А  Б  В  Г  Д  Е  Ж  З  И  Й  К  Л  М  Н  О  П  Р  С  Т  У  Ф  Х  Ц  Ч  Ш  Щ  Э  Ю  Я  

 


– Не терплю соглядатаев, – сообщил он спустя мгновение. – Страх и предательство придают им отвратительный привкус. А ничего не поделаешь, приходится глотать. Кстати, почему ты бездействовала?
– Лень, – призналась Яростная, уютно устраиваясь в воздухе напротив отца. – Я думаю.
– О чем?
– О том, что ты сказал. Ты прав – я всегда удивлялась, отчего наша кровь и кровь Эдны Фаберграсс не дала им такой великой власти, какой можно было бы ожидать. Отчего они слабее, чем должны быть?
– Люди, – с непередаваемым выражением пояснил маршал Тьмы. – Выдающиеся экземпляры для своего племени, но всего только люди. Пора бы уж привыкнуть и смириться – они нам не ровня.
– Не знаю, – пожала плечами маркиза. – Сегодня меня крепко озадачили.
– Кто, позволь полюбопытствовать?
– Наш с тобой потомок.
– Это жалобное создание, которое, по слухам, боится проливать кровь. Кстати, ты не знаешь – это правда?
Моубрай посмотрела в окно. Там, за стенами замка, кипело огненное озеро, и сверкающие брызги взлетали в переливающееся красным и золотым небо. В небе парили черные тени – стальные демоны, огнекрылы, любимые твари Каванаха, кружили вокруг его обители.
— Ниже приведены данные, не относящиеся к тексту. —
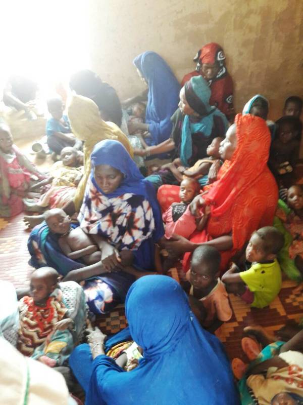 وتظهر الصور حجز البعثات الصحية التي وصلت القرية لعشرات الأطفال وأمهاتهم في مكان خاص، حيث لا يوجد في القرية مركز صحي، وأقرب مركز صحي لها يقع في قرية تسمى “أم اظيلميم” على بعد 15 كلم منها.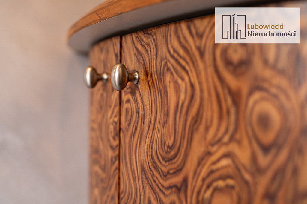 Meble w korytarzach wykonane zostały na indywidualne zamówienie – z forniru z czereśni amerykańskiej naturalnej oraz okleiny z drewna egzotycznego tzw. fornir artystyczny o unikalnym usłojeniu, według autorskich projektów.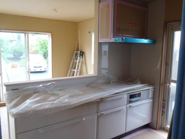 ☆先週の工事☆ 木工事(階段造作、幅木・廻し縁取付、建具吊り込み、他) 外部足場解体 システムキッチン据付 ☆今週の予定工事☆ 木工事(幅木・廻し縁取付、建具吊り込み、他) 内装工事(クロス下地、クロスパテ) 外部給排水埋設
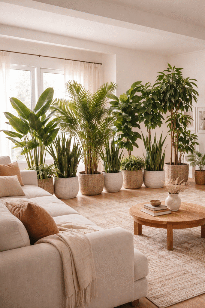 Tall plants arranged in a row create a soft, natural boundary. The greenery adds freshness and cozy interior inspiration.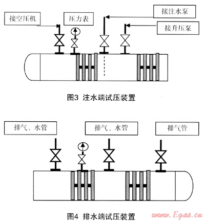 為解決全線注水時排除空氣和泄壓時排除積水問題,試壓裝置與管道連接前預埋注水隔離清管器和掃水隔離清管器,注水清管器采用皮碗式,掃水清管器采用直板式獲混合式,并裝上電子發(fā)射機,通過接收裝置隨時跟蹤清管器所在位置。試壓裝置與管道連接應按相應材質(zhì)的焊接工藝評定及規(guī)程進行焊接,焊好后做100%射線拍片檢驗,合格后方能開始上水試壓。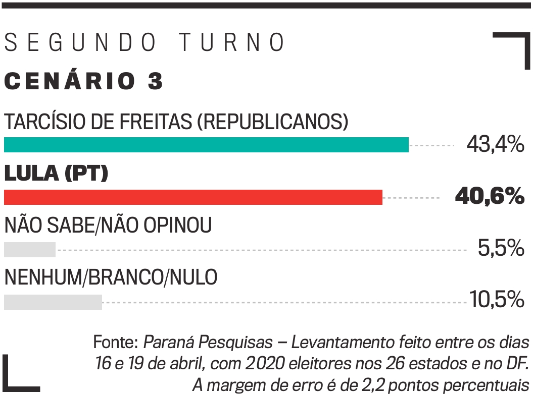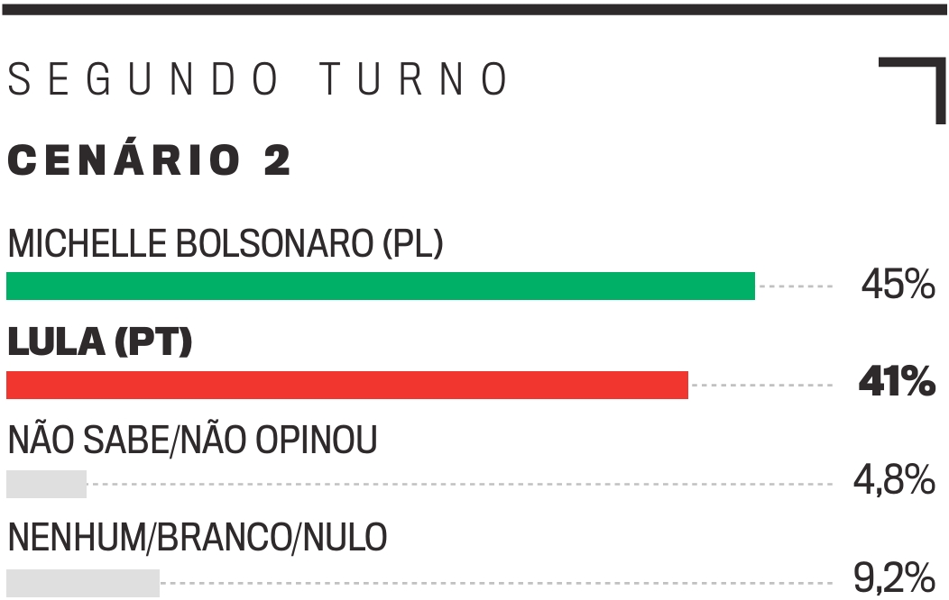 Lula teria dificuldades contra Bolsonaro, Michelle ou Tarcísio em um eventual segundo turno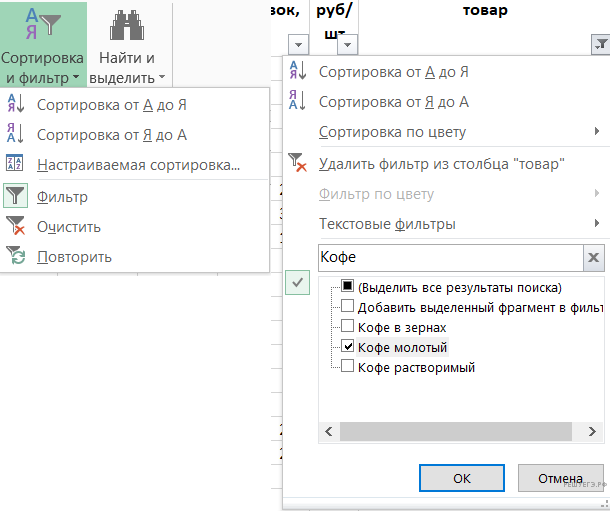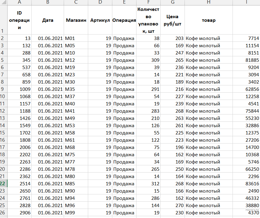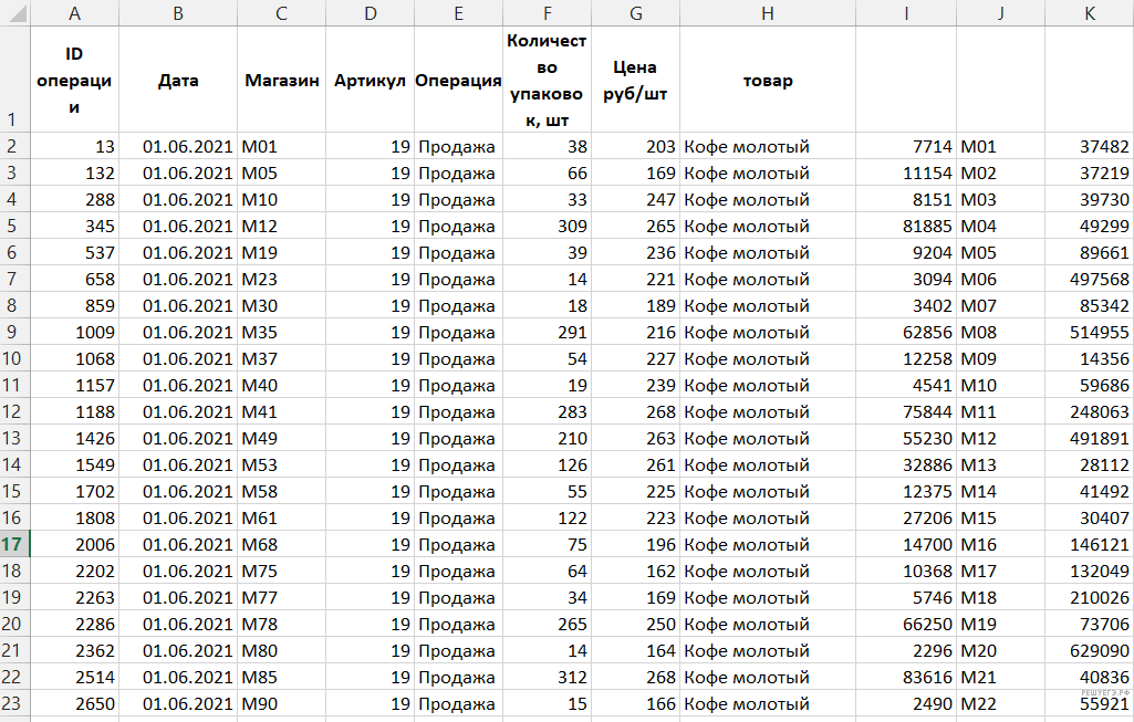 Используя информацию из приведённой базы данных, определите количество магазинов, в которых выручка от продажи кофе молотого за месяц превысила 150 тысяч рублей.
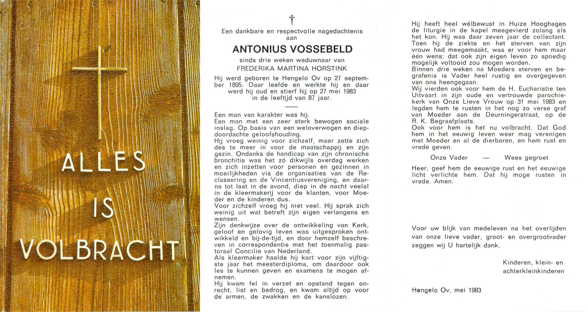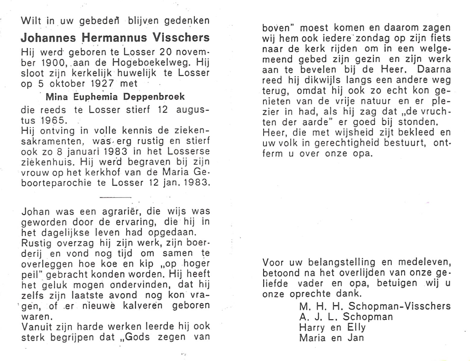 VISSCHERS, Johannes Hermannus, geboren op 20-11-1900 te Losser, overleden op 8-1-1983 te Losser op 82-jarige leeftijd, begraven op 12-1-1983 te Losser.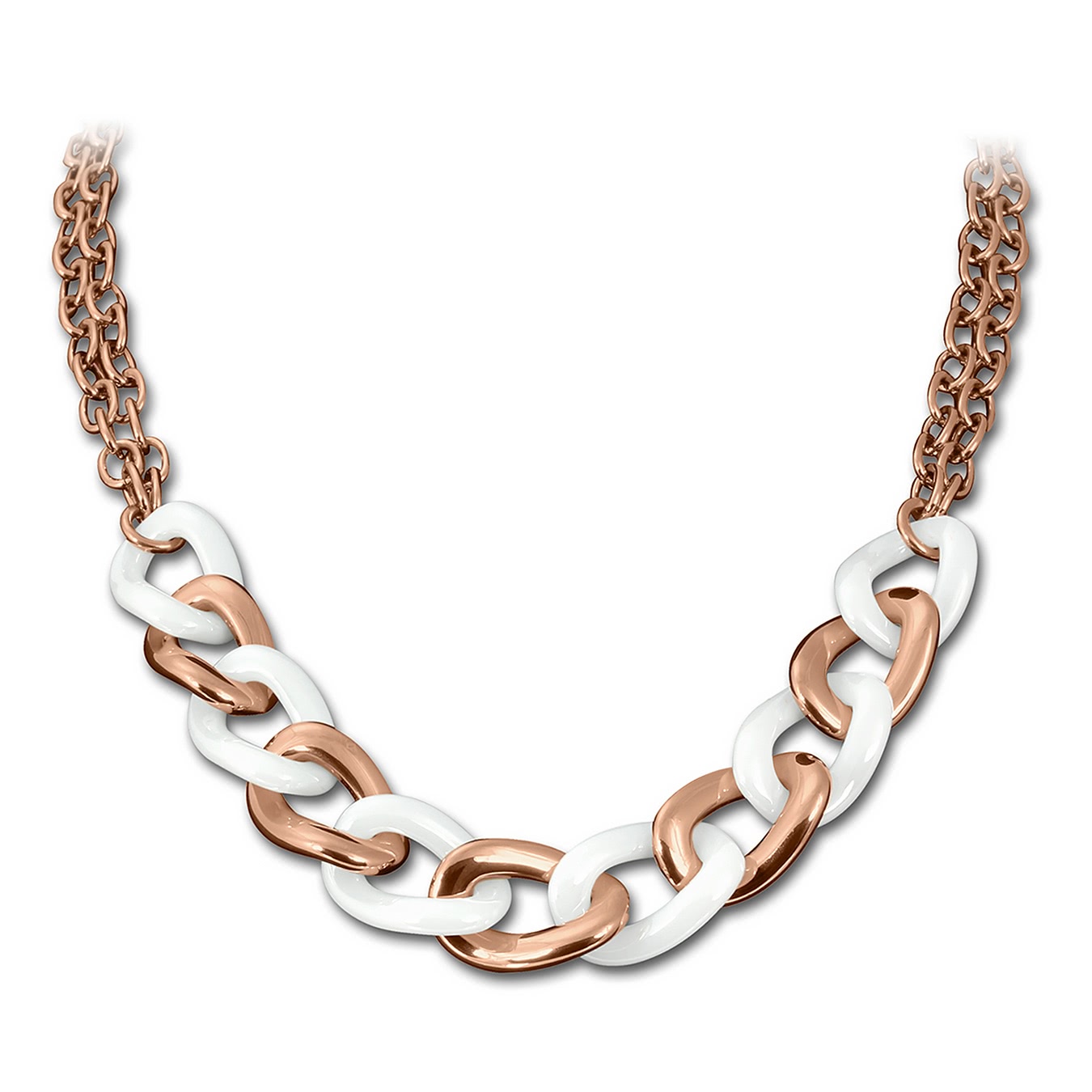 Das Produkt besteht aus Edelstahl, 333er Rosegold vergoldet und Keramik (Edelstahl (Stainless Steel) und vergoldet (Roségold 333)).

– Наполовину, – ответила она. – Слухи, как обычно, лишь наполовину верны. Он не любит проливать кровь и действительно боится.
– Любопытно. – Демон вытянул шею, чтобы лучше видеть дочь. Он не оставил без внимания тот факт, что она иначе расставила слова. Он знал, как она любит четкость и точность. Именно это качество всегда приносило ей победу над врагом.
– Весьма. Итак, я заглянула в него и была поражена. Во-первых, он надежно защищен от наших взглядов, и Стражи у него необычные. Не знаю, смогли бы Князь или ты зайти дальше, окажись вы на моем месте, но остальным ходу нет. Ни демонам, ни чародеям, ни иным, обладающим властью.
– Не может быть.
– Однако же есть. Кассария не просто благоволит к нему. Кассария еще и нуждается в нем, как никогда и ни в ком не нуждалась. Мне не хотелось бы преуменьшать могущество моего супруга Барбеллы, он действительно был великим, и не только для человека, – молчи, отец! Но его потомок Зелг Ралеас да Кассар носит в себе силу и власть, недоступную иным.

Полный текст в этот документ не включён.